Fig. 6 1961-1963 seasonal changes in the percentage of gonangia, medusae, branches and terminal buds relative to changes in temperature.

were thick with diatoms. All the characters of these stems were indicative of approaching senescence following a long growth period in cold water. The second sample had small stems, 100% of which lacked gonangia, and overall the stems were indicative of a short period of growth. The third sample, was a mixture of the above growth forms, namely the taller stems in the main had gonangia, while the majority of short stems lacked gonangia.
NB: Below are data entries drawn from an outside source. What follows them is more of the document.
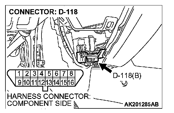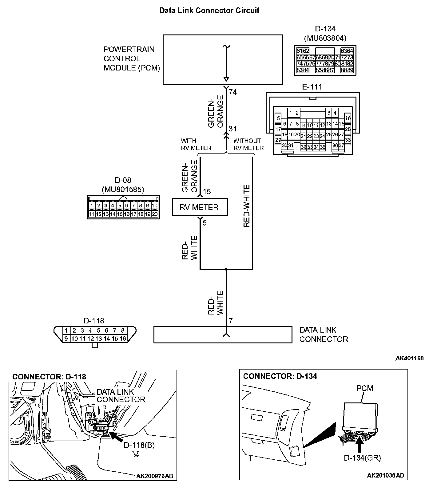 STEP 2. Check for open circuit, short circuit to ground and harness damage between data link connector D-118 (terminal No.7) and PCM connector D-134 (terminal No.74).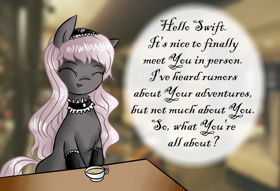 I arrived at the tea shop, a little nervous. I’ve heard about Swift being a nice and modest pony, but I have no idea where his curiosity and inquisitiveness might lead to.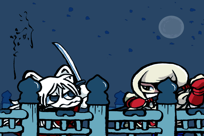 #牛若小太郎 火曜日なのでコーンジョ描きました。小太郎と橋の上で決闘

It has already been noted that there are two peaks in the annual production of gonangia, one in the winter and one in summer. But the stems that carry gonangia in summer are very different from those bearing gonangia in winter. This is another example where the bare statistic does not fully represent the seasonal morphology of the animal. Direct observation of the samples for February shows that most stems at this time of year are very short, seldom have more than 4 hydranths, and that the distal end is terminated not by a bud, but by a fully formed hydranth. There may also be one or two gonangia present. However, other patterns of stem growth along the stolon have been observed. Plate I, f, shows a decreasing order of vertical height for stems along the stolon, and the "erect stem" may be represented only by a page 15gonangium arising directly from the stolon (Pl. I, d and e). The latter "stems" however were not included in the statistical analyses of the data.

A variation of this pattern is seen in Pl. I, c., where the erect stem growth expression is shown by a single stem surrounded by a circlet of gonangia arising directly from short, radially arranged stolons. This example is of interest as it comes from an autumn collection. The pattern of numerous gonangia on the stolons in this sample suggests a sharp upward fluctuation in temperature at a critical level, combined with calm weather, resulting in near lethal temperature conditions at the lamina surface. That is, summer conditions in autumn.
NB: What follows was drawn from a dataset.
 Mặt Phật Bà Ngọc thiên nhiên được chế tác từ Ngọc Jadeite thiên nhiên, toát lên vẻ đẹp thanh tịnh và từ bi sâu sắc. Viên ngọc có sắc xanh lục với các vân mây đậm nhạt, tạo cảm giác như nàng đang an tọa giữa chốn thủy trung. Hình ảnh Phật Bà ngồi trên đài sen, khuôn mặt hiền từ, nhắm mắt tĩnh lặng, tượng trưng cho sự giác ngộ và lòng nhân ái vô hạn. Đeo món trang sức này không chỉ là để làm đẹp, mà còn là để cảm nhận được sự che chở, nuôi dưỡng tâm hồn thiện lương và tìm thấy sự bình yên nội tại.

Figure 6 shows what we regard as another example of the effect of unseasonable climate. In the March-April period for 1962, temperature fell from a mean maximum of 19.5°C in February, to a mean of 12.8°C in April. The lowest temperature recorded for April was 10.4°C. The latter temperature approaches the annual minimum for Wellington Harbour. A temperature range of approximately 10°C to 13°C usually occurs from June to August not March to April. It is probable therefore, that this rapid, unseasonable temperature drop is responsible for the very high percentage of stems with terminal buds in March and April instead of later in the year as is suggested by analysis of other data obtained during the experiment. The more gradual fall in temperature from the February maximum in the 1963 March-April period shows an appreciably lower percentage of stems with terminal buds.

In brief, the above paragraphs indicate firstly, that assessment of part only of the seasonal data gives a biased result in favour of temperature as the prime factor in the seasonal growth form attained by the erect stem. Secondly, that some facets of stem growth are also obscured in statistical analyses of the annual data. But a combined assessment strongly suggests the same seasonal trend in changing growth form for the stem as that noted in direct visual observation of the two collection series.

Fig. 7 1961-1963 sample series. Gonangia plotted against temperature using the statistical method of least squares.

Fig. 8 1961-1963 sample series. The percentage of medusae per total volume of catch, plotted against temperature using the statistical method of least squares.

Fig. 9 1961-1963 sample series. Average number of gonothecae plotted against the average number of branches per stem using the statistical method of least squares.